While the refrigeration process hasn’t changed all that much since the 1930s, newer ice machines come with all kinds of bells and whistles. Many newer ice machines are utilizing digital technology to monitor their performance. For example, if the ice machine takes too long to produce a batch of ice, the machine will alert the user and give detailed information that can help diagnose the problem.
Other improvements include infrared bin controls, which use infrared beams to measure the amount of ice in your ice bin. When the bin fills to the top, the bin control sends a message to the ice machine to shut down.
What maintenance or cleaning procedures should operators keep in mind to maximize longevity of the machine?
As mentioned, pizzerias offer a unique set of challenges for ice machines because yeast is so prevalent. The leading ice machine manufacturers recommend at least two professional cleanings per year, but that recommendation is for typical environments—pizzerias easily need twice that. We’ve seen perfectly clean ice machines in pizzerias grow considerable amounts of mold in only three weeks! Mold can lead to health inspection violations, which can damage the reputation of any restaurant.
Routinely monitoring and cleaning the ice machine is also helpful. Make sure that your employees check the ice machine for excessive mold in and around the ice machine. When cleaning and disinfecting your restaurant at the end of the shift, make sure employees include the ice machine in that process.
What other considerations should operators keep in mind when working with ice machines?
Ice machines are often overlooked until it is too late. Pizzerias don’t sell ice, so it’s looked at as more of an expenditure than a product. However, running out of ice is a huge hassle and will cost you money. No one wants a warm soda to go with their pizza, and buying ice retail can be quite expensive—the average 10-pound bag of ice costs about $3. Assuming a pizzeria needs 400 pounds of ice per day to run, you’re looking at spending $120 for every day that the ice machine is down.
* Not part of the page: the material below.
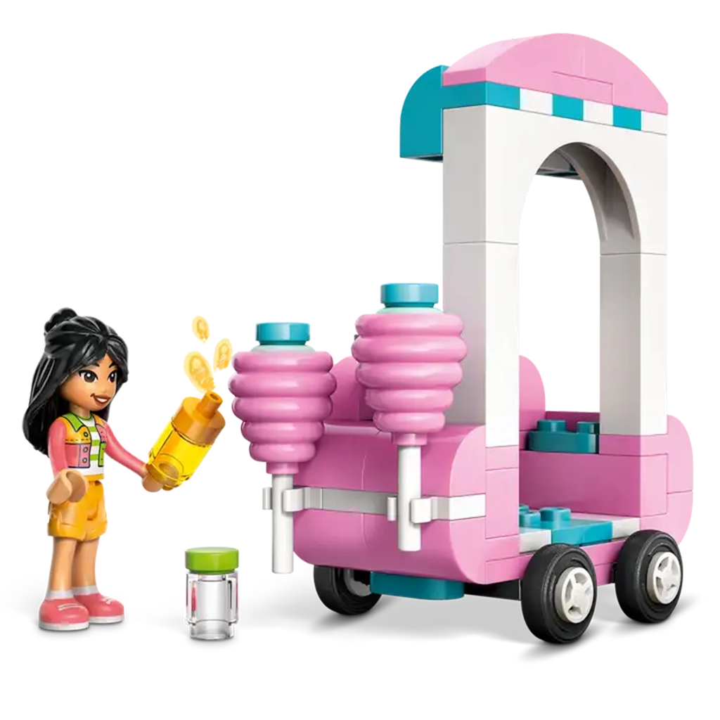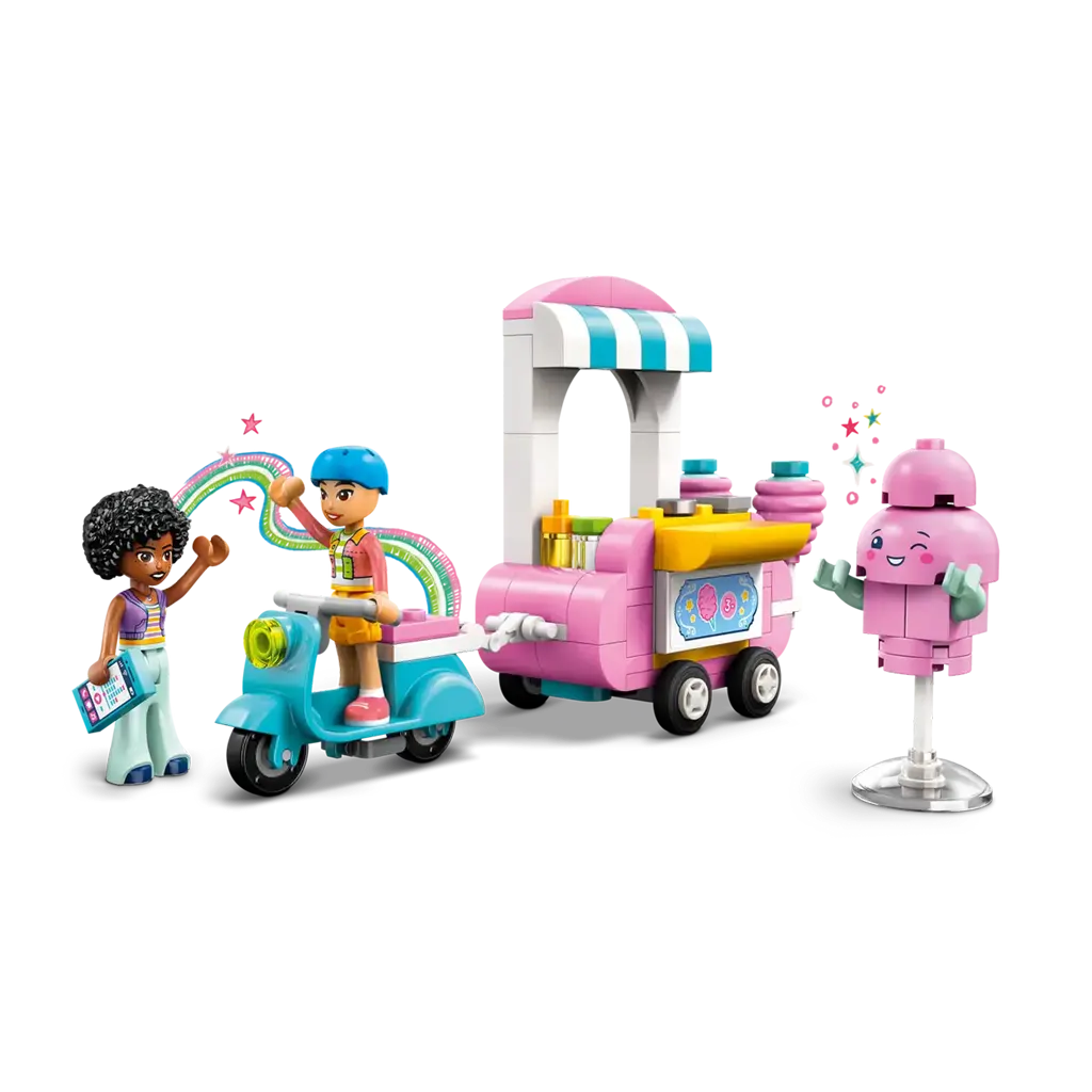 Les filles, les garçons et tous les petits bricoleurs qui aiment le jeu créatif peuvent s’amuser à inventer leurs propres histoires avec cet ensemble. Il raconte l’histoire de Liann et Jamila, qui aiment passer du temps ensemble au kiosque de barbe à papa. Le véhicule LEGO remorque le chariot à roulettes, qui est livré avec un bol et des garnitures pour créer les délices de barbe à papa. Il y a aussi une caisse enregistreuse et des accessoires pour que les enfants puissent jouer différents rôles lors des interactions avec les clients.

The vast majority of ice machine problems we’ve seen could have easily been avoided if the business owner kept up with maintenance and repairs. The annual cost business owners spend on maintenance and cleaning is a far better option than waiting for an ice machine to break down. Rushing to get an ice machine up and running is a huge headache—and can end up costing thousands of dollars!
Tracy Morin is PMQ’s senior copy editor.